В столовой раскатали оперативную карту.
— Какой участок фронта соблаговолит посетить его величество? — спросили генералы. Император не понял.
— Ваше величество, куда вы поедете? — перевел генералиссимус.
— Сюда, где зелененько, — соблаговолил выбрать император, ткнув оттопыренным пальчиком прямехонько в высоту № 6725.
Генералы разбежались по штабам готовиться к отъезду.
— Командующего на провод! — потребовал генерал связи.
— Усилить паек в боевых порядках! — распорядился начальник продовольственного снабжения.
— Обставить квартиры офицеров инкрустированной мебелью! — приказал главный квартирмейстер.
— Выслать вагон шпаклевки для текущего ремонта артиллерийского парка! — отдал распоряжение командующий артиллерией.
— Переместить в квадрат высоты № 6725 боевые крейсера и вспомогательные миноноски! — приказал адмирал.
Командующему фронтом была отправлена срочная, сугубо конфиденциальная шифрограмма: «Ближайшее время ожидается прибытие ряда высокопоставленных особ целью ознакомления дел вверенном вам участке фронта. Обеспечьте надлежащий прием. Готовность доложить!»
Командующий сдавленно ахнул и вызвал командиров когорт.
— Через 24 часа высота должна блестеть как золотой дублон! Я не знаю, как вы этого добьетесь, но если через 24 часа я сумею обнаружить в боевых порядках и ближнем тылу хотя бы одну пылинку, хотя бы одну соринку, хотя бы одного дурно пахнущего солдата, хотя бы одну свободно порхающую муху — можете считать, что война для вас уже закончилась!

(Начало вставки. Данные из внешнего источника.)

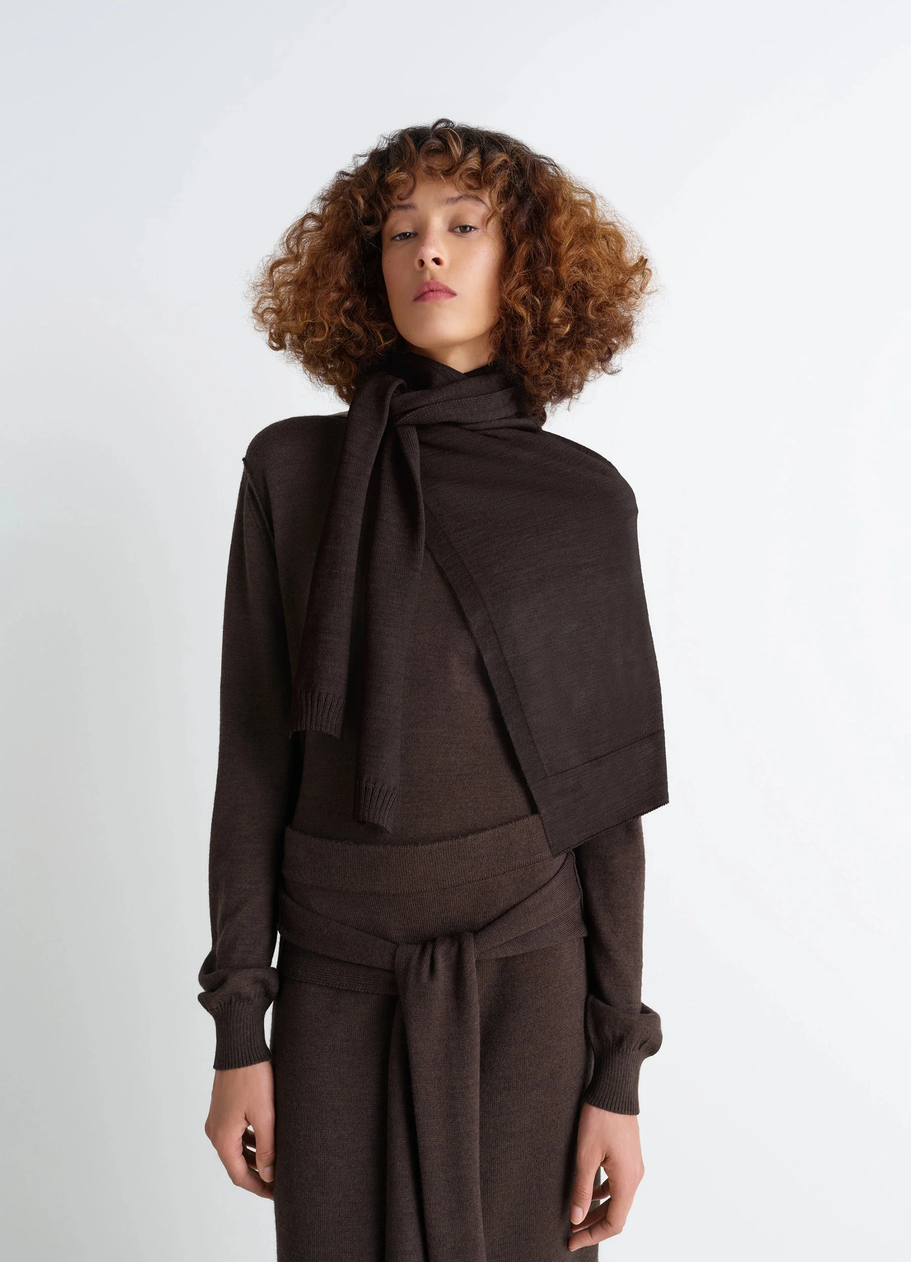This trompe-l'œil scarf is part of an evolving, modular wardrobe reflecting Lemaire's love of layering. It is knitted in a blended merino wool that is both dry and supple. DETAILS Trompe l’œil scarf in merino wool blend Fine knit model to drape Sleeve-style side panels to tie Rib-knit trim Made in Portugal Style : AC1253 LK087 CARE Main fabric: 50% acrylic, 50% wool Hand wash Do not bleach Do not tumble dry Cool ironing Soft dry clean Dry flat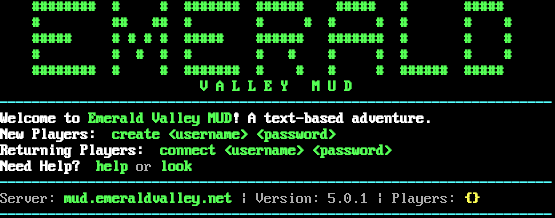#​####### # # #​###### #​##### #​#### # #​#### # ## ## # # # # # # # # #​#### # # # # #​#### #​##### #​###### # # # # # # # # # # # # # # # #​####### # # #​###### # # # # #​##### #​#### V A L L E Y M U D -​-------------------------------------------------------------------- Welcome to Emerald Valley MUD! A text-based adventure. New Players: create &lt;username&gt; &lt;password&gt; Returning Players: connect &lt;username&gt; &lt;password&gt; Need Help? help or look -​-------------------------------------------------------------------- Server: mud.emeraldvalley.net \| Version: 5.0.1 \| Players: {} -​--------------------------------------------------------------------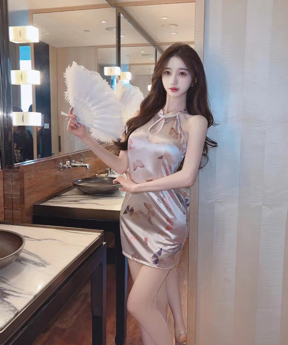 【2色】ミニドレス キャバドレス ベアトップ セクシー チャイナドレス 蝶柄 YH2-DD6659

Я не знаю, как вы умудритесь отловить мух. Меня этому в академиях не учили. Это не моего ума дело. Я не занимаюсь мухами! Я занимаюсь старшими офицерами! И знаете, как я ими занимаюсь? Вот так, вот так и вот так! — растер между сжатыми ладонями воображаемого офицера командующий. — Если у кого-то появились вопросы, прошу держать их при себе! Это армия, а не богадельня! Ваши проблемы — это ваши проблемы! Я командующий, я должен командовать, а не бегать по передовой задрав хвост, словно взбесившийся кобель! Я ясно выражаюсь?
Мое дело — раздавать медали или отдавать под суд. Остальное меня не касается!
Если кто-то сомневается в себе, если кто-то решил, что не способен за 24 часа исполнить приказ, пусть сейчас, здесь, не откладывая напишет подробный рапорт и… подотрется им в нужнике! Подотрется и застрелится! Мне не нужны капитулянтские бумажонки, которым грош цена! Мне нужна работа! Победа любой ценой! Если для достижения цели мне потребуется расстрелять 500 солдат, я расстреляю 1000 солдат. Если выполнению приказа будут мешать ваши паршивые жизни, я собственноручно пристрелю половину из вас, а вторую половину заставлю работать за двоих!